ABOUT THIS TASK
Please set down the data word for word; images do not go in the copy.

DATA EXTRACT
◆ ◆ ◆ ◆ ◆ ◆ ◆

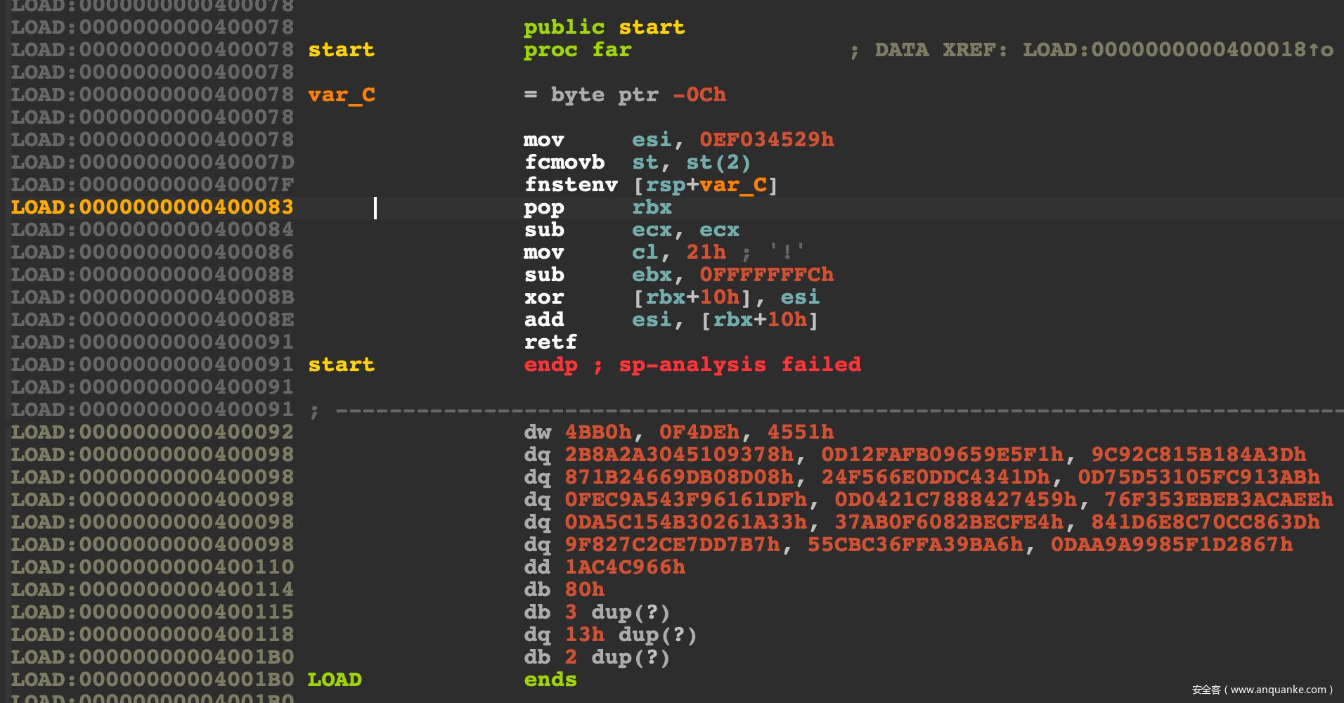 可以看到 \xd9\x74\x24\xf4 是一个硬编码,这就是一个特征。同时fpu 指令也是有限的:
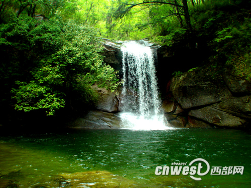 州東百里,龍駒寨東河,即涌峪河,兩峰對峙,一水直瀉為瀑布,下為龍潭,潭中有巨石連岸,危步臨之,真奇觀也。
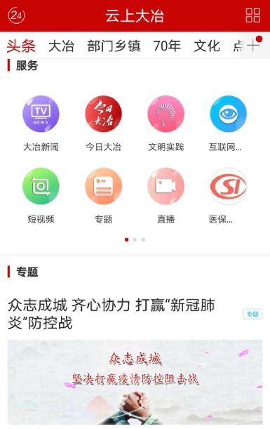 “云上大冶”客戶端頁面截圖
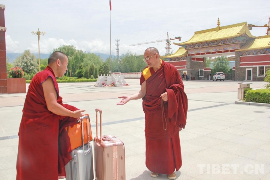 圖為青海省藏語系佛學院教務處副處長、特級經師悟嘉倉(左一)與準備離校的畢業(yè)學僧交談 攝影:劉莉
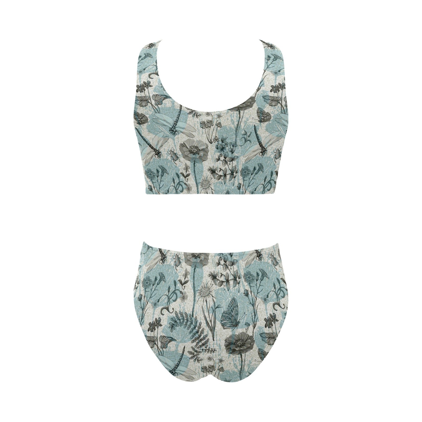 Dragonfly Butterfly Plants insect flower vintage s Chest Bowknot High Waisted Bikini Swimsuit
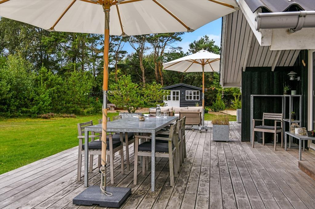 Der Weg Harestien ist eine kleine Sackgasse, die direkt am Ferienhaus endet. Von deinem Ferienhaus gelangst du problemlos in die reizvolle Heidelandschaft, die sich nördlich des Badeortes ausbreitet. Generell ist Blåvand für seine reizvolle Natur ringsum bekannt. In den dichten Dünenwäldern kannst du Mountainbike fahren oder einer der markierten Wanderrouten folgen. Falls es dich und deine Familie eher ans Wasser zieht, wird euch der wenige Kilometer entfernte Hvidbjerg Strand begeistern. Am Wasser genießt ihr bestes Strandleben mit erfrischenden Bädern, großen Eiswaffeln und tollen selbstgebauten Sandburgen. Den lebendigen Ortskern erreicht ihr zu Fuß innerhalb von nur zehn Minuten. Im Ort laden diverse schöne Geschäfte und gute Lokalitäten das gesamte Jahr hindurch zum Bummeln und Verweilen ein.
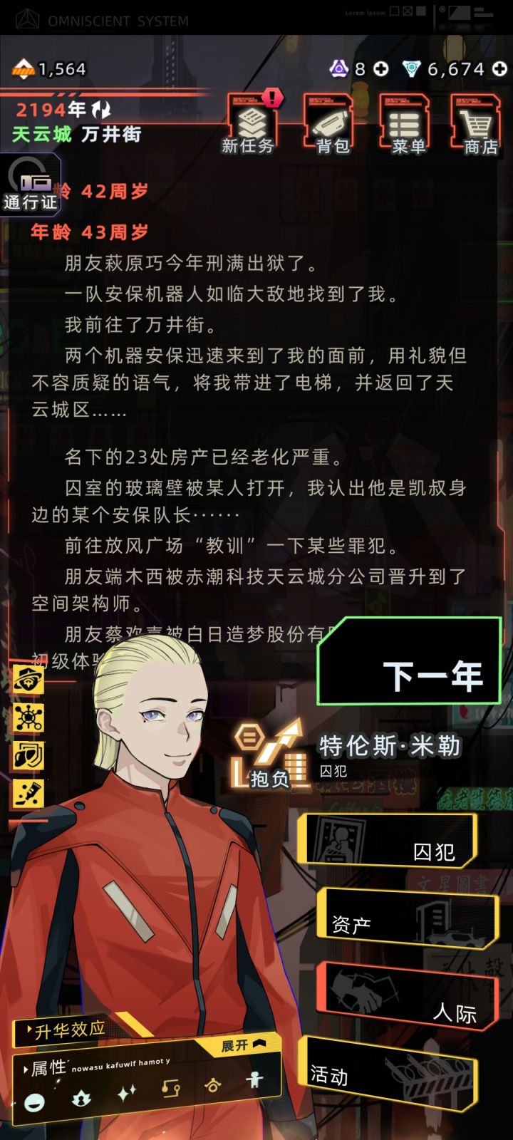 如题,触发幻影危机,在坐牢呢,坐牢的时候信用许可掉到零了,被机器人从监狱拉到万井街了。纳罗迪亚的机器人才是爷
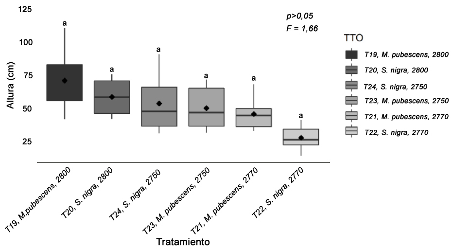 En el estrato bajo no se presentaron diferencias significativas. Sin embargo, se evidenció que M. pubescens a 2800 msnm presentó una tendencia superior al resto de los tratamientos con una media de 70,80 cm (Figura 3).
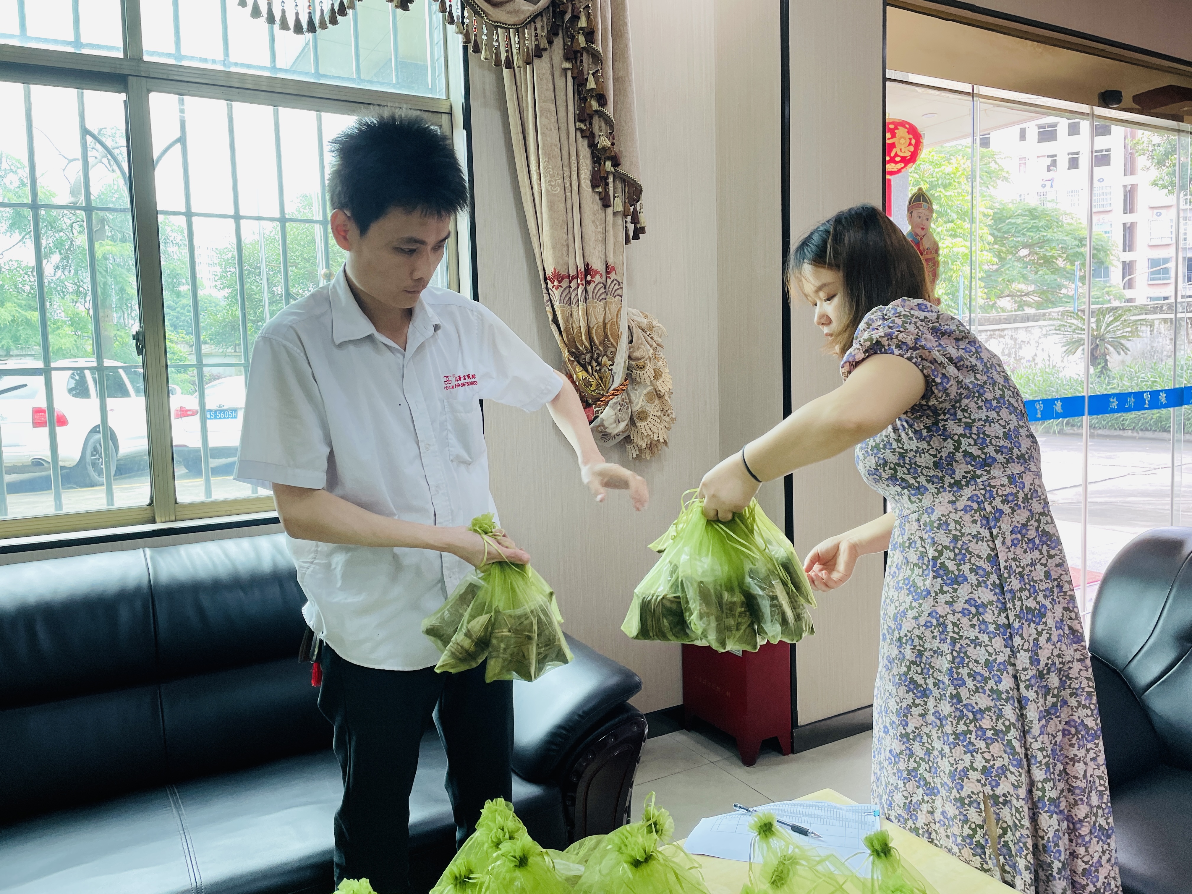在端午節這一天新望大道為員工準備了美味的粽子。我們希望通過這份小小的關愛,表達對員工的感謝和祝福。愿每一位員工在端午節假期中,健康安康,快樂幸福!
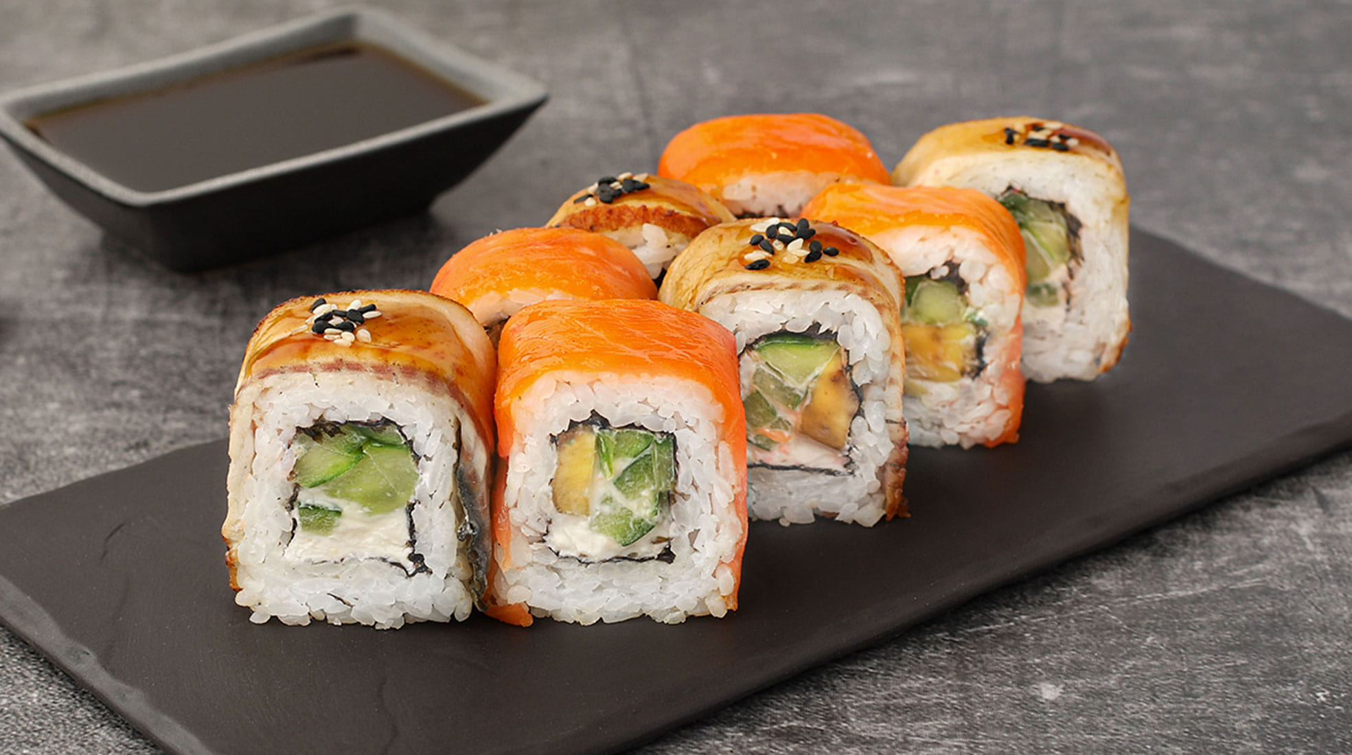 Угорь, краб-микс, рис, соус унаги, свежий огурец, икра масаго, кунжут, водоросли нори

◆ ◆ ◆ ◆ ◆ ◆ ◆

SOLUTION TO THIS EXERCISE
 可以看到 \xd9\x74\x24\xf4 是一个硬编码,这就是一个特征。同时fpu 指令也是有限的:
 州東百里,龍駒寨東河,即涌峪河,兩峰對峙,一水直瀉為瀑布,下為龍潭,潭中有巨石連岸,危步臨之,真奇觀也。
 “云上大冶”客戶端頁面截圖
 圖為青海省藏語系佛學院教務處副處長、特級經師悟嘉倉(左一)與準備離校的畢業(yè)學僧交談 攝影:劉莉
 Dragonfly Butterfly Plants insect flower vintage s Chest Bowknot High Waisted Bikini Swimsuit
 Der Weg Harestien ist eine kleine Sackgasse, die direkt am Ferienhaus endet. Von deinem Ferienhaus gelangst du problemlos in die reizvolle Heidelandschaft, die sich nördlich des Badeortes ausbreitet. Generell ist Blåvand für seine reizvolle Natur ringsum bekannt. In den dichten Dünenwäldern kannst du Mountainbike fahren oder einer der markierten Wanderrouten folgen. Falls es dich und deine Familie eher ans Wasser zieht, wird euch der wenige Kilometer entfernte Hvidbjerg Strand begeistern. Am Wasser genießt ihr bestes Strandleben mit erfrischenden Bädern, großen Eiswaffeln und tollen selbstgebauten Sandburgen. Den lebendigen Ortskern erreicht ihr zu Fuß innerhalb von nur zehn Minuten. Im Ort laden diverse schöne Geschäfte und gute Lokalitäten das gesamte Jahr hindurch zum Bummeln und Verweilen ein.
 如题,触发幻影危机,在坐牢呢,坐牢的时候信用许可掉到零了,被机器人从监狱拉到万井街了。纳罗迪亚的机器人才是爷
 En el estrato bajo no se presentaron diferencias significativas. Sin embargo, se evidenció que M. pubescens a 2800 msnm presentó una tendencia superior al resto de los tratamientos con una media de 70,80 cm (Figura 3).
在端午節這一天新望大道為員工準備了美味的粽子。我們希望通過這份小小的關愛,表達對員工的感謝和祝福。愿每一位員工在端午節假期中,健康安康,快樂幸福!
 Угорь, краб-микс, рис, соус унаги, свежий огурец, икра масаго, кунжут, водоросли нори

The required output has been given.